DATA EXTRACT:

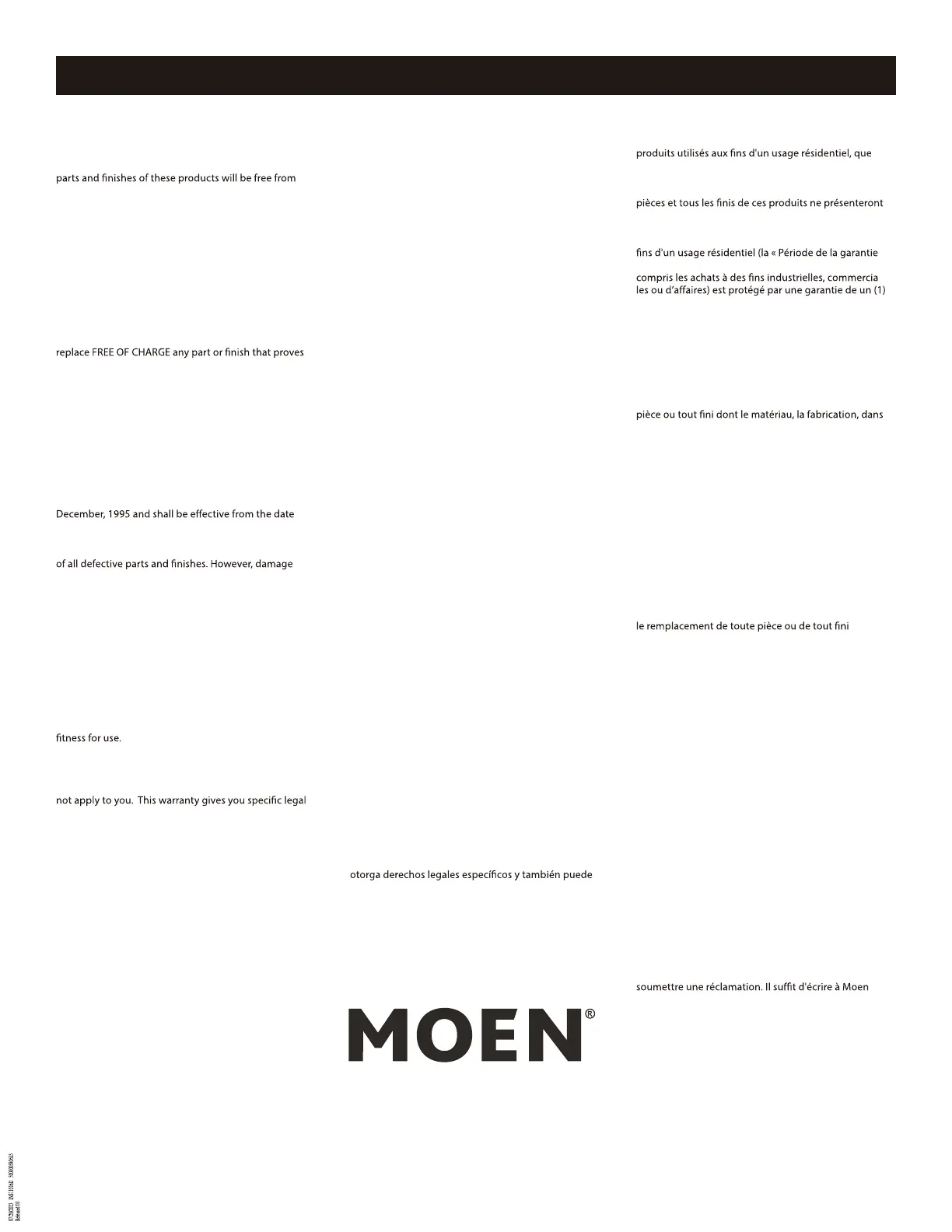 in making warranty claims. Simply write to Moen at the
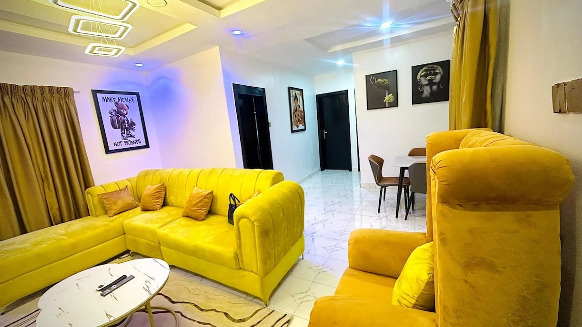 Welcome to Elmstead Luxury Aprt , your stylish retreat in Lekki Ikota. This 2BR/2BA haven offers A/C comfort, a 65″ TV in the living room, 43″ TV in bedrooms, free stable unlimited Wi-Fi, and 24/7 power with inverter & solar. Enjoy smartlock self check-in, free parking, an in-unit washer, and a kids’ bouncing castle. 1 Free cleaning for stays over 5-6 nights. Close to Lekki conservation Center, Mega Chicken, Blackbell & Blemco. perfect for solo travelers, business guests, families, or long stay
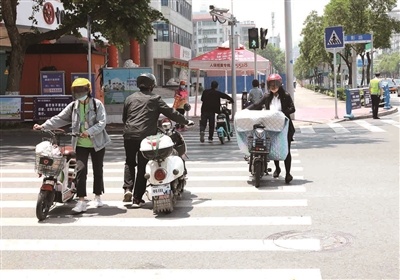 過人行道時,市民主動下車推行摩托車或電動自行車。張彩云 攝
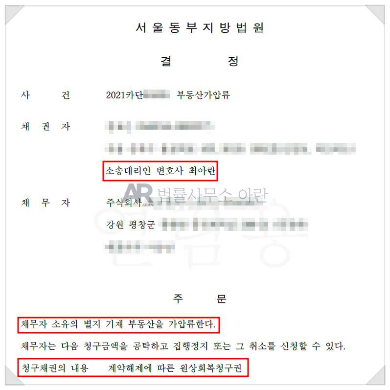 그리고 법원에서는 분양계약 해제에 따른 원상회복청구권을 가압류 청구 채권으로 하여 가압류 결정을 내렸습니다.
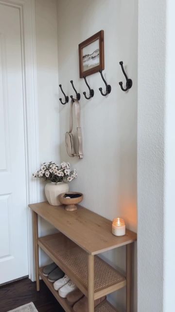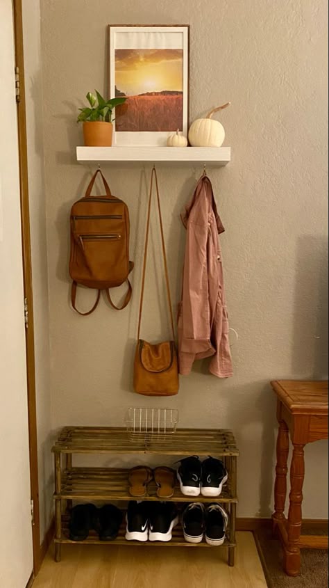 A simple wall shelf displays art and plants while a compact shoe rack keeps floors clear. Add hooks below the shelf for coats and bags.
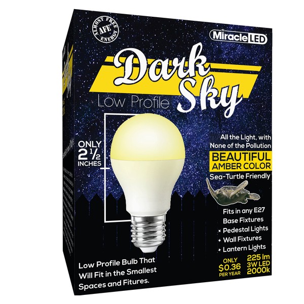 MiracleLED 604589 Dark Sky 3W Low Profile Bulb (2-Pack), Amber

EXERCISE GOAL: Could you copy out every record exactly, minus the pictures?

OUTPUT FOR THIS TASK:
 in making warranty claims. Simply write to Moen at the
 Welcome to Elmstead Luxury Aprt , your stylish retreat in Lekki Ikota. This 2BR/2BA haven offers A/C comfort, a 65″ TV in the living room, 43″ TV in bedrooms, free stable unlimited Wi-Fi, and 24/7 power with inverter & solar. Enjoy smartlock self check-in, free parking, an in-unit washer, and a kids’ bouncing castle. 1 Free cleaning for stays over 5-6 nights. Close to Lekki conservation Center, Mega Chicken, Blackbell & Blemco. perfect for solo travelers, business guests, families, or long stay
 過人行道時,市民主動下車推行摩托車或電動自行車。張彩云 攝
 그리고 법원에서는 분양계약 해제에 따른 원상회복청구권을 가압류 청구 채권으로 하여 가압류 결정을 내렸습니다.
 A simple wall shelf displays art and plants while a compact shoe rack keeps floors clear. Add hooks below the shelf for coats and bags.
 MiracleLED 604589 Dark Sky 3W Low Profile Bulb (2-Pack), Amber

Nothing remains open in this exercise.